HUL managed to float while ITC lost 2.4%. FMCG index is underperforming in a falling market, post Jan.’08 panic. A silent but definite restructuring seems happening in HUL as every (say)fortnight; an advertisement from HUL appears in a leading business newspaper about disposal of residential flats in plush areas like Colaba, Malabar Hill & Pedder Road. Strong hands seems taking not of such developments, especially post Jan.’08 panic.
Hero Honda lost 9% while Bajaj Auto lost 16.5%. Maruti lost 1.5%. M&M gained 1.4%. 5% gain on last trading session in Tata Motors helped stock to gain 2.3% on weekly basis. Auto stocks are showing mixed trend.
After many weeks, Capital Goods index under-performed in a falling market. When cat is out of bag it is time to take action. After weak IIP & Capital Goods growth data for Jan.’08, bears seems covered their shorts while bulls seem building a case for an oversold rally.
L&T & BHEL lost 1-2% but Mid Cap components like Alstom, Thermax, Praj, Voltas lost hefty 10-20%. Planning commission vicechairman voiced from Singapore that growth for next year might be in a range of 8-8.5%, below than what FM was expected in a budget speech i.e. 8.7%.
Cipla got interim relief against Roche on a generic version of a cancer drug from Delhi high court. Though bulls were building defensive position in Cipla in a falling market, they also seems not discounted such a possibility. Stock went up 0.8% on last trading session while gained just 0.3% on weekly basis. But stock lost just 3% since beginning of 2008 against lofty 26% deep in Sensex. Ranbaxy & Sun Pharma lost 3% while Dr.Reddy managed to float.
Glaxo lost 9.6%.
7% weekly loss in Reliance was counter-balanced by 1% loss in ONGC. Gail lost 1%. Bulls seem losing hope of extending tax holiday to refineries post 31st March 2009. Public, Private Refineries lost 2- 8%.

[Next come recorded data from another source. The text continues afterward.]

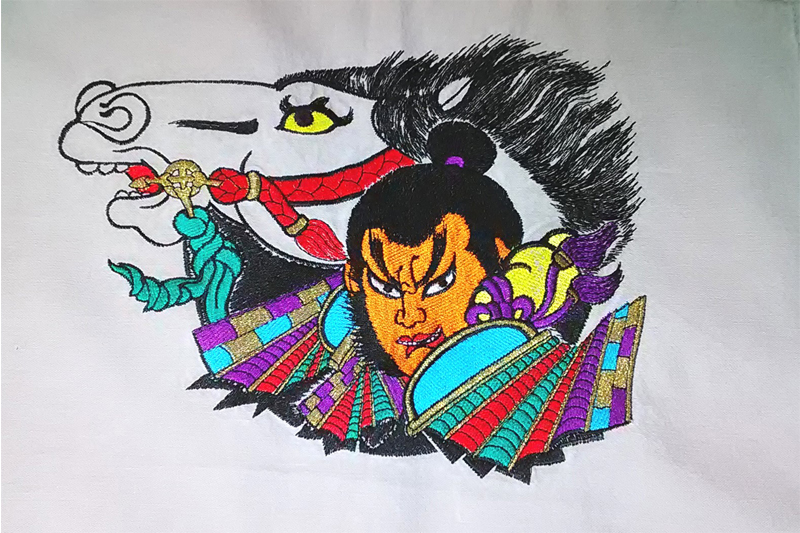 酒蔵・味噌・醤油蔵様の銘柄を総刺繍で表現します。
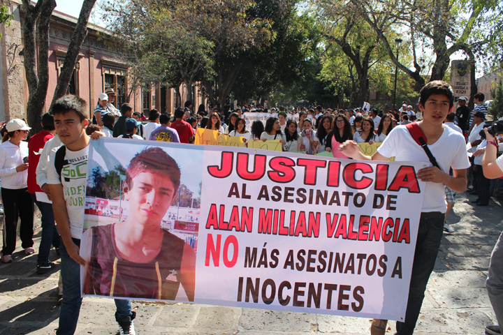 NOTICIAS 09/02/2013Morelianos exigen se ponga un alto a la violenciaConvocados a través de las redes sociales, diversos amigos, compañeros y familiares del joven deportista Alan Milián, asesinado tras haber defendido a su mamá de la delincuencia, se manifestaron para exigir a las autoridades municipales y estatales se esclarezca el caso y no se permita la muerte de más inocentes.
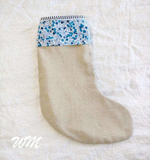 The cuff of this stocking is made with Liberty of London Tana Lawn fabric in the Blue Wiltshire colourway.

Realty heavyweight DLF & Unitech lost 4.75% each but Realty index lost 8% indicates other Mid & Small Cap components lost ground heavily. Ever rising inflation fading hope of interest rate cut. Mumbai metropolitan regional development authority (MMRDA) sold prestigious plots at BKC for a relatively less price. In fact no bidders
came forward for two plots.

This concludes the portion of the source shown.